Embora Qian Chen tivesse contatos para conseguir o veículo — sendo ele um ator que contracenaria com An Qian, e sua família tendo relações comerciais com a Toyota através de licenciamento de tecnologia —, ele decidiu seguir em frente.
Ele então considerou a Mercedes Classe V. Era uma van muito popular entre as celebridades, tanto nacional quanto internacionalmente. O irmão Ge preferia esse modelo: custava menos de oitocentos mil, com uma sobretaxa de quinze mil, e a entrega era imediata. A qualidade alemã garantia segurança, e a marca era um símbolo de status. No entanto, Qian Chen desistiu ao passar por uma concessionária da marca e ver um cartaz publicitário com figuras que ele achou ofensivas. A ideia de comprar um carro deles tornou-se repulsiva.
Então, eles foram ver a GMC Savana, a famosa "Business Star". Era outra escolha popular entre as estrelas, vendida por distribuidores, já que não havia lojas oficiais. O gerente que os atendeu tinha um semblante honesto. Qian Chen gostava de pessoas com aquele ar confiável.
"Qian...", o gerente o reconheceu, embora não soubesse o nome completo.
"Qian Chen, o mesmo 'Chen' de imperador", corrigiu ele enfaticamente.
"Ah, eu adoro seus personagens! Você não faz ideia, meu filho foi para a faculdade e não volta há dois anos... criar filhos é uma dor de cabeça", desabafou o gerente.
Após a conversa, o gerente explicou que não tinham o modelo de sete lugares disponível para pronta entrega, mas havia uma unidade de dez lugares que podiam testar.
Eles foram dar uma volta. Com um motor V8 de 6.0 litros, o carro era imponente, superando qualquer SUV. O irmão Ge assumiu o volante, enquanto Qian Chen foi para a parte de trás, seu verdadeiro território. Ele explorou o interior e ficou satisfeito: madeira maciça, acabamento em camurça, frigobar e janelas amplas com persianas elétricas que podiam isolar a cabine para total privacidade. O espaço era o principal atrativo. A segunda fileira era extremamente confortável, e a terceira podia ser rebatida para formar uma cama de dois metros. Qian Chen deitou-se e quase adormeceu; a estabilidade do veículo de várias toneladas era inquestionável.
Ao retornar, ambos estavam convencidos de que era muito superior à Alphard. O único problema era o preço: o modelo de dez lugares custava 1,18 milhão, e com os trâmites, chegaria a 1,3 milhão. Além disso, exigia placa amarela e motorista habilitado. O gerente, perspicaz, sugeriu: "Não se preocupem com a placa. Podemos remover o assento traseiro e adaptar para sete lugares. É um procedimento legal e profissional. Garanto que por 1,3 milhão vocês saem daqui com tudo regularizado."
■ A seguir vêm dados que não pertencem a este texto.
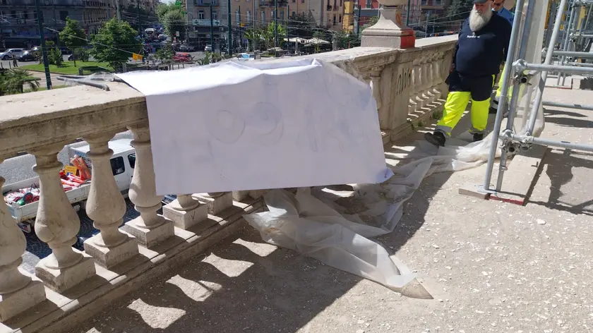 (ANSA) - NAPOLI, 25 APR - E' stato rimosso questa mattina dagli operatori della società Napoli Servizi uno striscione, su una balaustra dell'Albergo dei Poveri, a Napoli con la scritta "Io festeggio San Marco" e sotto la sigla 'FN'. L'operazione è stata disposta del sindaco Manfredi "per garantire che le celebrazioni del 25 Aprile si svolgano nel rispetto della Festa di Liberazione dal Nazi-Fascismo". (ANSA).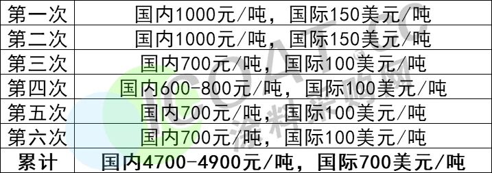 2023年以來,鈦白粉行業(yè)已經(jīng)開啟了5輪漲價(jià),都是由龍頭企業(yè)——龍佰集團(tuán)打響“第一槍”。龍佰集團(tuán)分別在1月31日、2月28日、4月11日,7月25日、8月24日宣布漲價(jià),加上本次漲價(jià),鈦白粉行業(yè)已經(jīng)迎來第六輪漲價(jià),龍佰集團(tuán)國(guó)內(nèi)累計(jì)上漲4700-4900元/噸,海外累計(jì)調(diào)漲700美元/噸。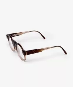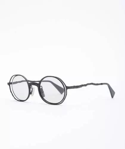 Gafas de KUBORAUM. Montura de metal negro mate con plaquetas nasales y fundas ajustables. Lentes transparentes no correctivas.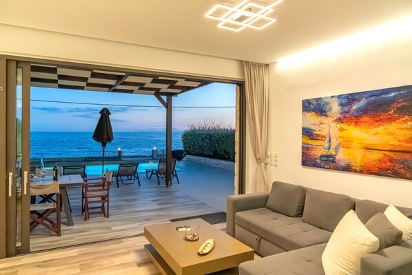 Stuen leder inn til bassenget med en skyvedør. Den private evighetsbasseng er 27 kvadratmeter i størrelse. En overbygd terrasse som ligger ved siden av bassenget er det ideelle stedet å nyte lunsj eller middag med vidstrakt utsikt over havet!
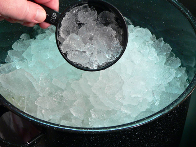 Cover the top with about two inches of crushed ice or cubed ice. If possible, place this pot in your refrigerator for 3 to 4 hours or even overnight. If you don’t have room in the refrigerator for it, just keep adding more ice as it melts. It’s very important to keep the cucumbers and onions cold.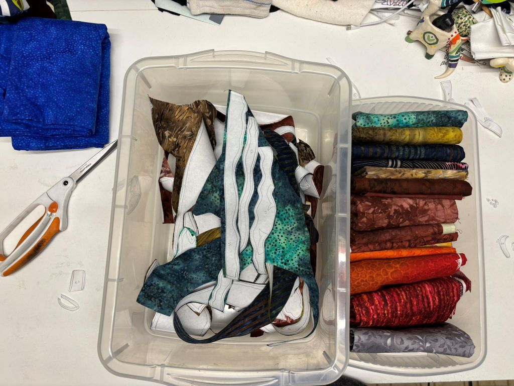 So I spent a goodly chunk of time Friday night and Saturday cleaning up the office, moving stuff around, trying to make space. I did pretty well, although I distracted myself with culling through the two orange drawers and one of the three red drawers. I go through the fabrics I’ve been collecting since 1990 and if it’s something I haven’t used much of, I chop a fat quarter off of it (I usually buy 1/2 yards) and put it in the donate bag. Then when I have enough (whatever that means), I box it up and ship it to a couple of charity organizations. Gives me room for more fabric and more choices. Plus I get to see everything I have in the stash, which is sometimes surprising. Then I tried to put away all the fabric from the last quilt.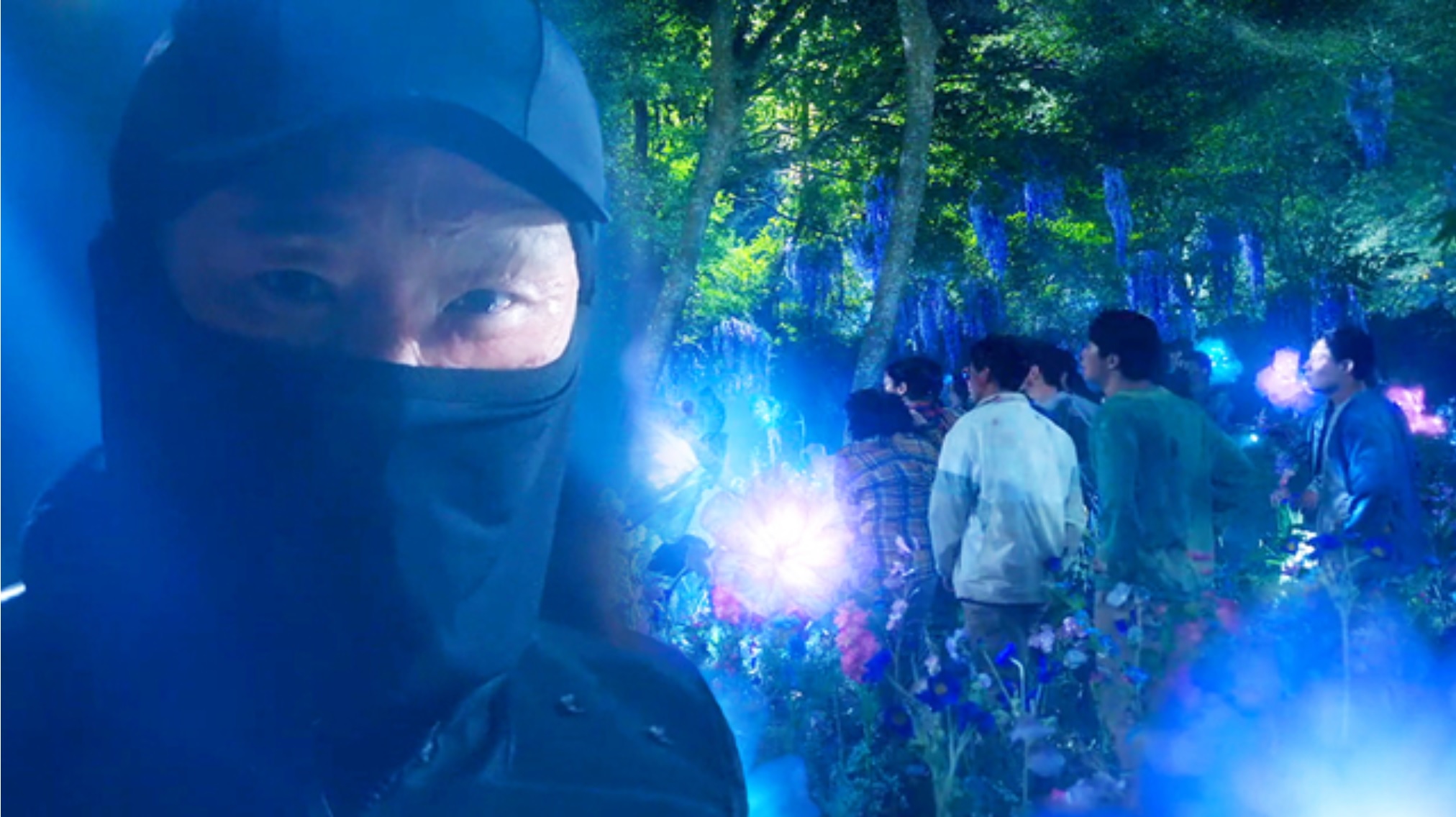 제주 여행 파티에 초대된 행운에 30인은 약물에 중독되어 주용주를 단체 살인하고, 주용주 시신을 조용히 처리하기 위해 버려진 섬으로 이동한다. 섬으로 이동하는 보트 안에서 또 약에 중독된다. 주용주 시신을 묻는데 박쥐가 공격을 하며 사람을 죽이자 30인은 정신없이 도망친다. 멧돼지의 공격을 받아 죽고, 산이 무너지며 죽고 많은 사람이 하나 둘 죽기 시작한다.  긴장된 순간 어둠 속에서 가면을 한 남자가 나타난다.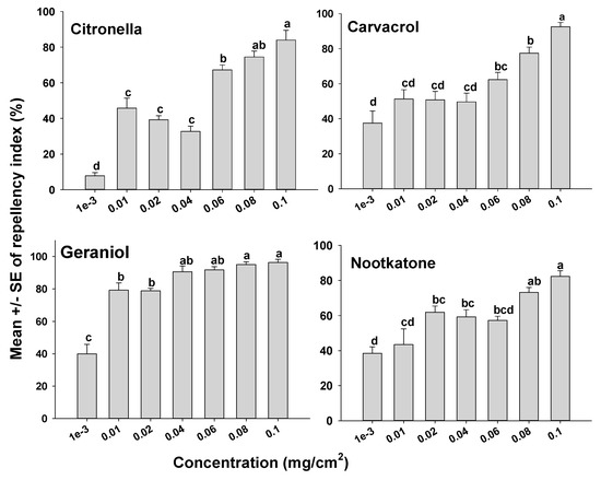 Nootkatone was less effective at repelling mites when compared to the other terpenes that were tested. However, due to nootkatone’s mild odor in comparison to other essential oils, it is recommended for consideration in further experiments, since it protected ham pieces from ham mites by reducing the number of eggs laid by the mites. Earlier work with nootkatone reported repellency percentages that ranged from 46.3 to 93.1% and 39.2 to 67.3% against maize and rice weevils, respectively, as nootkatone concentrations increased from 0.05 to 5% (w/v) in methanol [21]. It was concluded that nootkatone was a good repellent candidate for insect pest management. Similarly, when nootkatone was used in the present study, the highest repellency index was achieved at the highest concentration of 0.1 mg/cm with an RI of 82.3%.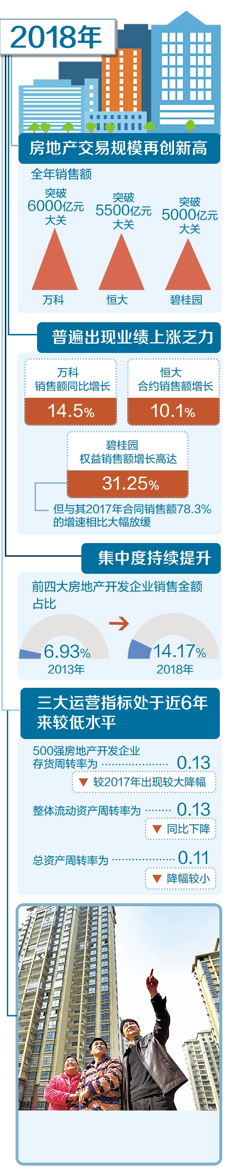 “活下去”。龍頭房企萬科在去年作出了房地產(chǎn)行業(yè)轉(zhuǎn)折已經(jīng)到來的判斷。雖然萬科發(fā)出的聲音略顯夸張,但隨著我國房地產(chǎn)調(diào)控長效機(jī)制不斷完善,房地產(chǎn)行業(yè)的“黃金時(shí)代”正在漸行漸遠(yuǎn)。近日密集發(fā)布的上市房企年報(bào)顯示,多數(shù)房企在營收、利潤方面業(yè)績理想,但銷售額增幅在逐步告別高增長,進(jìn)入中速增長。在行業(yè)集中度不斷提高、行業(yè)增速放緩的情況下,聚焦主業(yè)、精細(xì)化運(yùn)營、提升品質(zhì)、多元化布局成為各大房企角力的關(guān)鍵詞。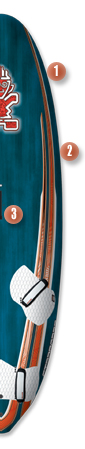 Głębokie konkawy poprawiają kontrolę i obniżają środek ciężkości deski. | ||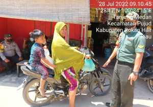 Babinsa Koramil 02/TP dan Polsek Pujud Rutin Tegakkan Prokes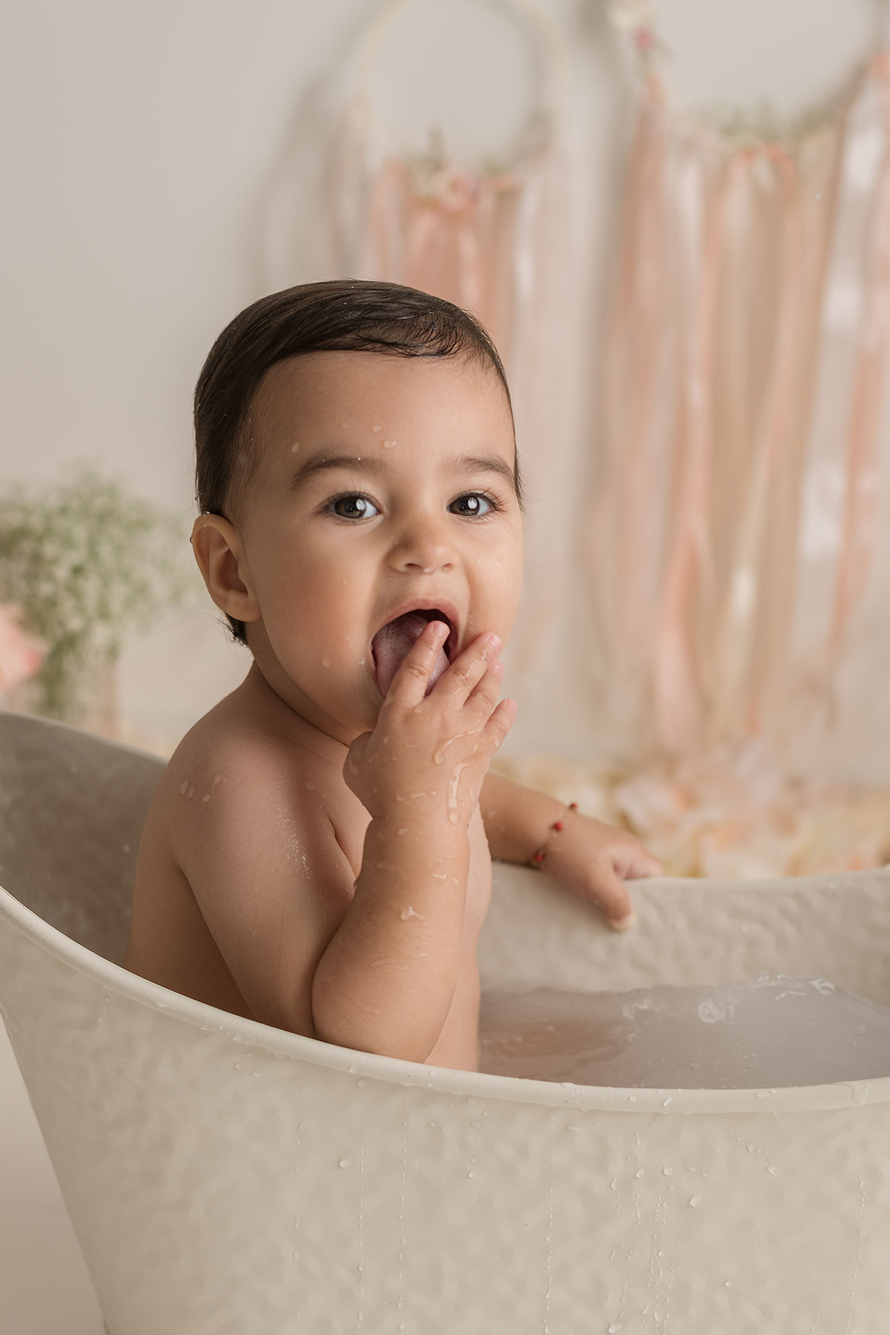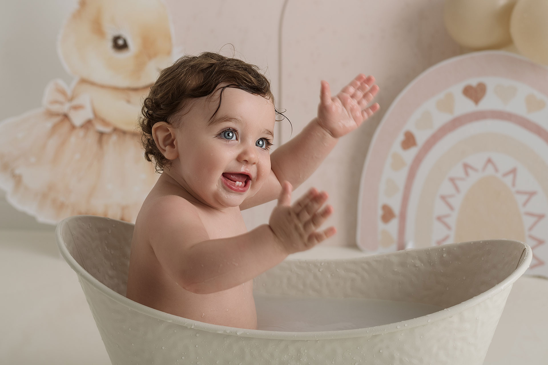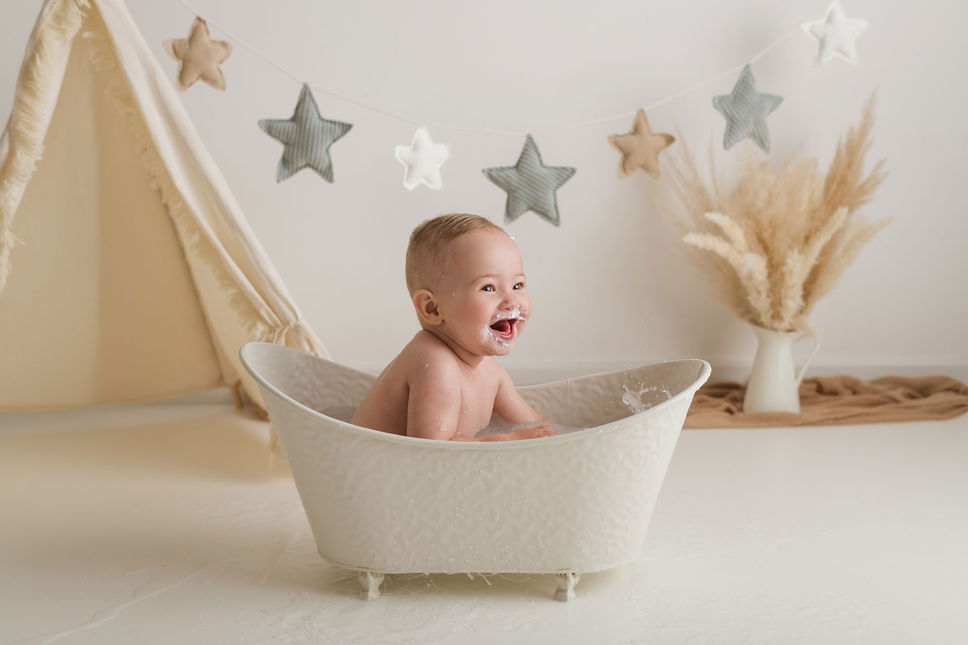 Durante il servizio, il tuo bimbo potrà toccare e pasticciare con la torta, in totale libertà e senza regole: potrà assaggiarla con curiosità, schiacciarla con entusiasmo o semplicemente osservarla con delicatezza. Ogni reazione è diversa, autentica, e bellissima da fotografare. E per concludere in bellezza, non mancherà un momento dedicato al bagnetto finale, divertente e perfetto per chiudere il servizio con tanti sorrisi e spruzzi d’acqua ovunque.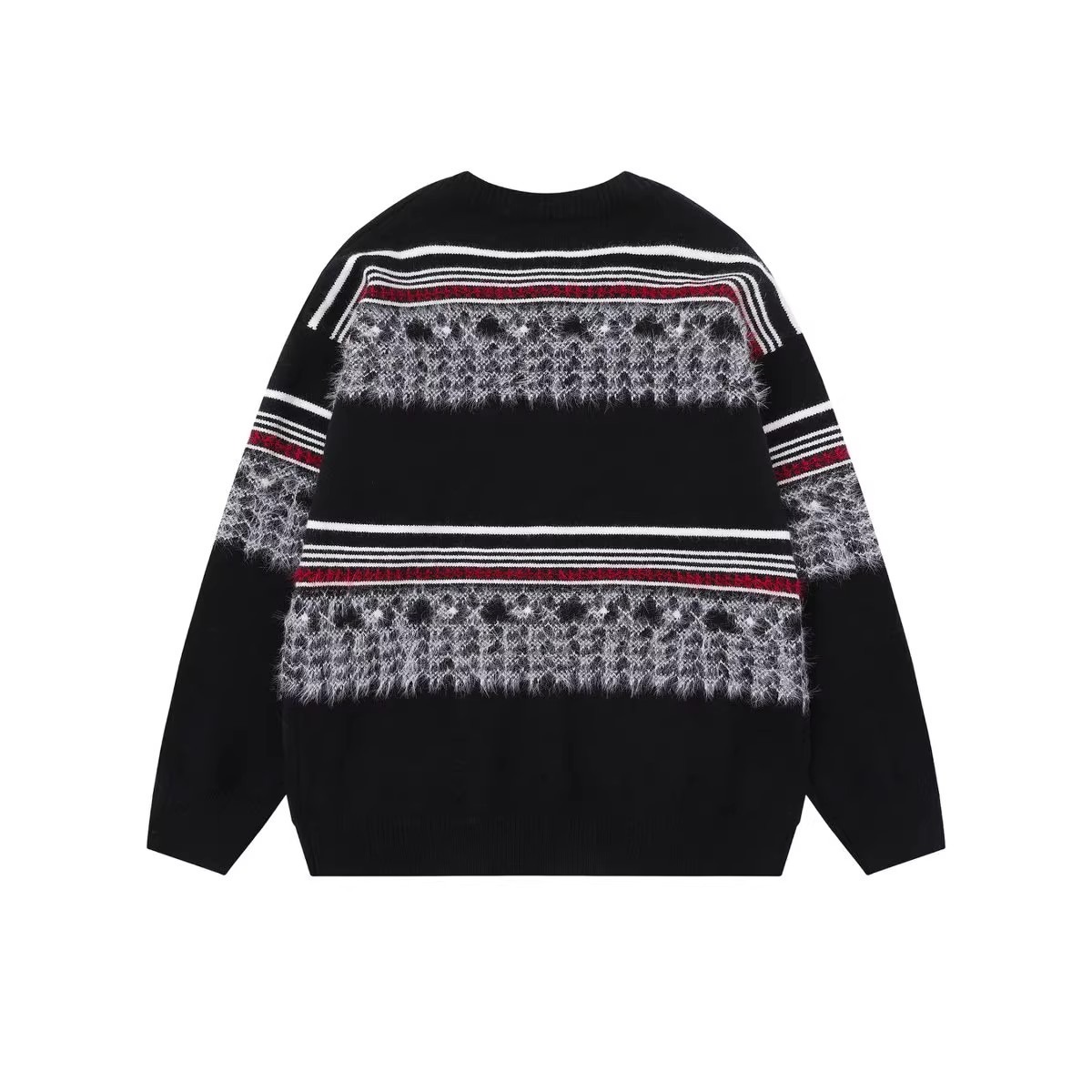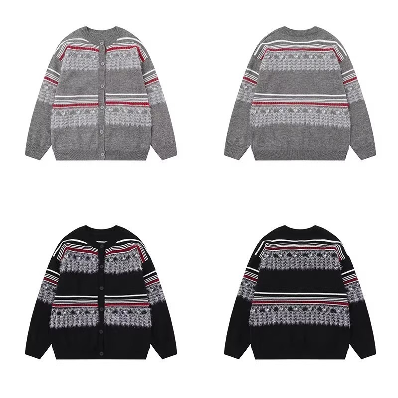 美式复古民族风提花开衫毛衣男女秋冬cleanfit宽松情侣针织外套潮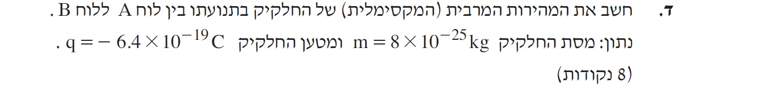 המהירות של החלקיק בצמוד ללוח A שווה לאפס. נציב את ערך המהירות בביטוי , ונבטא את המהירות VB: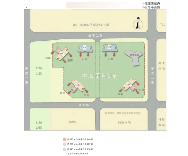 据悉,中信深圳湾预计今年4月14日开工,户型方案已经过多轮修改,仍在优化中,户型为纯大户型板楼设计,户型分为建面约200㎡、275㎡、350㎡和460㎡,项目预计2025年入市。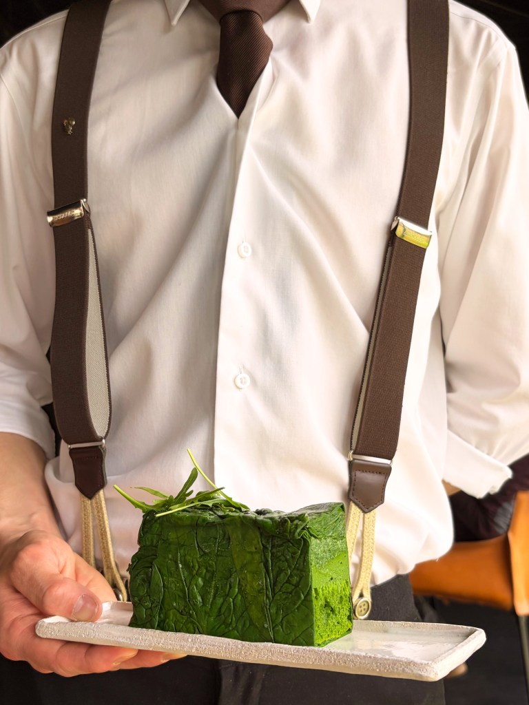 Terrine de feuilles, comme un pâté en croûte végétal, épinard, roquette sauvage comme un poivre végétal, la genoise, le flan, le tourteau comme un deuxième service, citron confit au sel cette fois ci, pressé de feuilles, les plus grandes pour enveloppé l’ensemble. Ajout de quelques gouttes de garum de homard, macération des carapaces séchées dans du vin blanc pendant plusieurs mois, réduit, dans le verre épinard fumé sous un voile de hareng et une aumônière d’épinard; Soufflé snacké langoustine et chlorophylle chaude, spectaculaire, unique ! Le Sandre et cerfeuille tubéreux, cuillère d’une acidité onctueuse, truffière, le gros bulot de la côte d’Opale.

Não havia o que hesitar. Com quatro milhões em mãos — incluindo o lucro inesperado do filme *A Chinese Ghost Story 4* —, Qian Chen não precisava ser um avarento. Pagou o sinal e combinou de buscar o veículo após a modificação. O gerente, feliz por ter conquistado um cliente famoso, serviu-lhes uma refeição simples e mostrou outros modelos de luxo, esperando que Qian Chen voltasse no futuro ou indicasse amigos, garantindo preços muito melhores do que os das concessionárias oficiais.